Scratch and the Spirit of Man are allowed to take the tribunal to any period of time to present evidence for mankind's salvation or damnation. They take the tribunal from prehistory through Egyptian, Greco-Roman, Medieval, Renaissance, Enlightenment and modern times, looking at historical figures.
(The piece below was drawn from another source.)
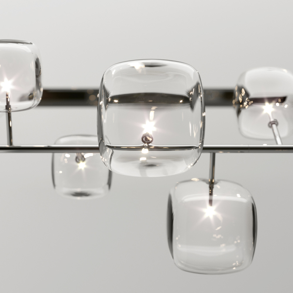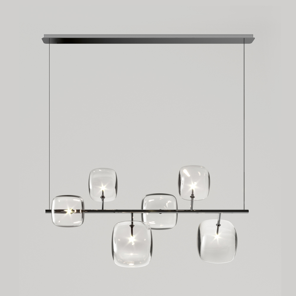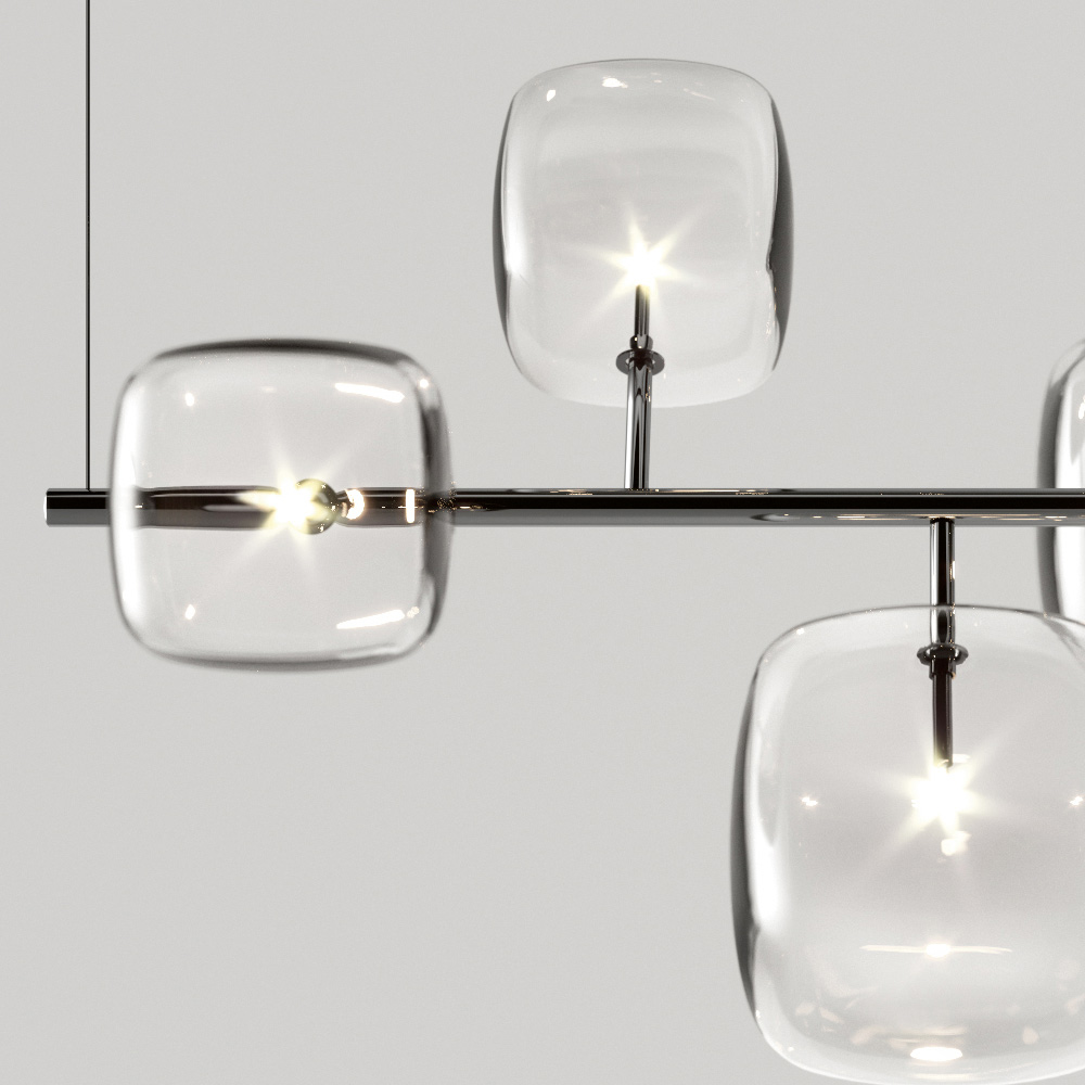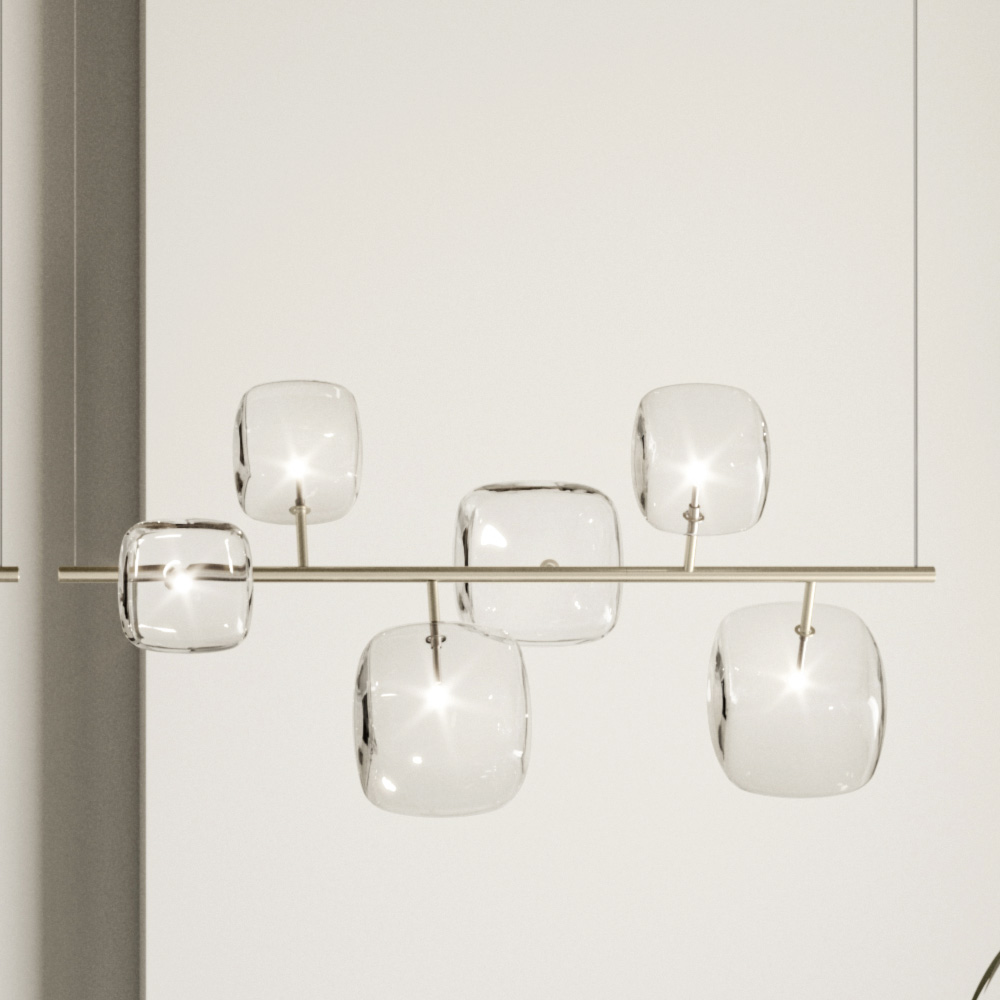 Horizontale Pendelleuchte mit Metallstruktur und 6 kubischen und abgerundeten Strukturen aus transparentem, geblasenem Pyrexglas mit jeweils 1 dimmbaren G4 3000K-LED-Glühbirne im Inneren.

Ultimately the tribunal is asked to rule. The high judge, facing Mr. Scratch and the Spirit with a large assemblage of peoples in their native costumes behind them, declares that the good and evil of mankind are too finely balanced. A decision is suspended until they return. When they return, they expect to see a resolution of humanity's age-old struggle with itself.

Cast 

 Ronald Colman as The Spirit of Man
 Vincent Price as Mr. Scratch
 Hedy Lamarr as Joan of Arc
 Groucho Marx as Peter Minuit
 Harpo Marx as Sir Isaac Newton
 Chico Marx as Monk
 Virginia Mayo as Cleopatra
 Agnes Moorehead as Queen Elizabeth I
 Peter Lorre as Nero
 Charles Coburn as Hippocrates
 Sir Cedric Hardwicke as High Judge
 Cesar Romero as Spanish Envoy
 John Carradine as Khufu
 Dennis Hopper as Napoleon Bonaparte
 Marie Wilson as Marie Antoinette
 Helmut Dantine as Mark Antony
 Edward Everett Horton as Sir Walter Raleigh
 Reginald Gardiner as William Shakespeare
 Marie Windsor as Joséphine de Beauharnais
 George E. Stone as Waiter
 Cathy O'Donnell as Early Christian Woman
 Franklin Pangborn as Marquis de Varennes
 Melville Cooper as Major Domo
 Henry Daniell as Bishop Cauchon
 Francis X. Bushman as Moses
 Jim Ameche as Alexander Graham Bell
 Austin Green  as Abraham Lincoln
 Bobby Watson as Adolf Hitler

Production
The film was former publicist Irwin Allen's first attempt at directing live actors after his documentaries The Sea Around Us and The Animal World. In May 1955, Allen announced he would write, produce and direct a film based on the book, and Warner Bros. agreed to distribute the film. Jack Warner announced that 42 nations would be represented. Allen said securing the rights was "very complicated."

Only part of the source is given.